地震防災をテーマにした神奈川県立西湘高校の《調べ学習》Part2
3)避難生活サバイバル もいちどチェック!
せっかく助かった命をどのように守るか
地震発生後、ようやく避難所におちついて…。とりあえず、被災直後は、学校や公民館に身をよせることになる。仮設住宅が建設されたり、自宅に電気などが復旧するまでのあいだ、暑さ寒さをどうしのぐかが勝負だ。余震の不安のなか、せっかく助かった命をどのように守っていくか。避難生活の知恵を考えてみよう。キャンプやアウトドアの達人、神奈川県総合防災センターの杉山考・企画運営課副主幹に取材した内容を中心にまとめました。(担当=穂坂奈緒子、大島美帆、中戸川かおり)
■衣…暑さ寒さをしのぐ工夫!
■食…不便な中でもおいしく食べよう!
■住…アイデア次第で快適に住む!
■医…できる処置は自分達で!
■暮…通学、通勤、買い物を便利に!
【写真右】避難所では、多くの人との集団生活。

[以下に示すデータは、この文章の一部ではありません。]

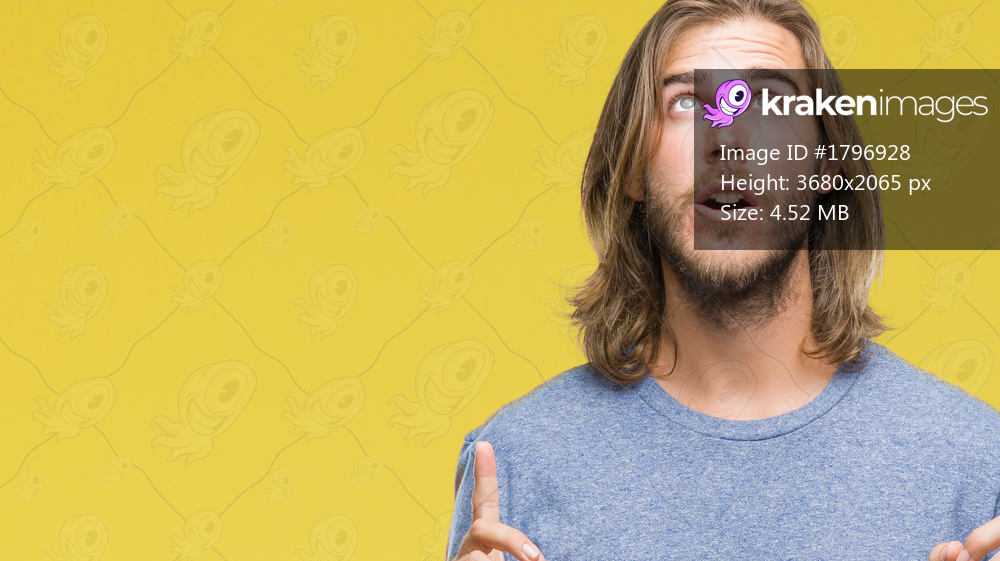 Young handsome man with long hair over isolated background amazed and surprised looking up and pointing with fingers and raised arms.

電気やガスも自由には使えない。(1995年1月27日 神戸大学国際文化学部体育館で 神戸大学ニュースネット委員会提供)
《衣…暑さ寒さをしのぐ工夫!》
・ビニールシートはテントの代わりや風よけなどの多種多様に使えるので便利である。
・布団が無い場合はロールマットやダンボール、枯れ葉を集めたものを敷くだけでも暖かさが違う。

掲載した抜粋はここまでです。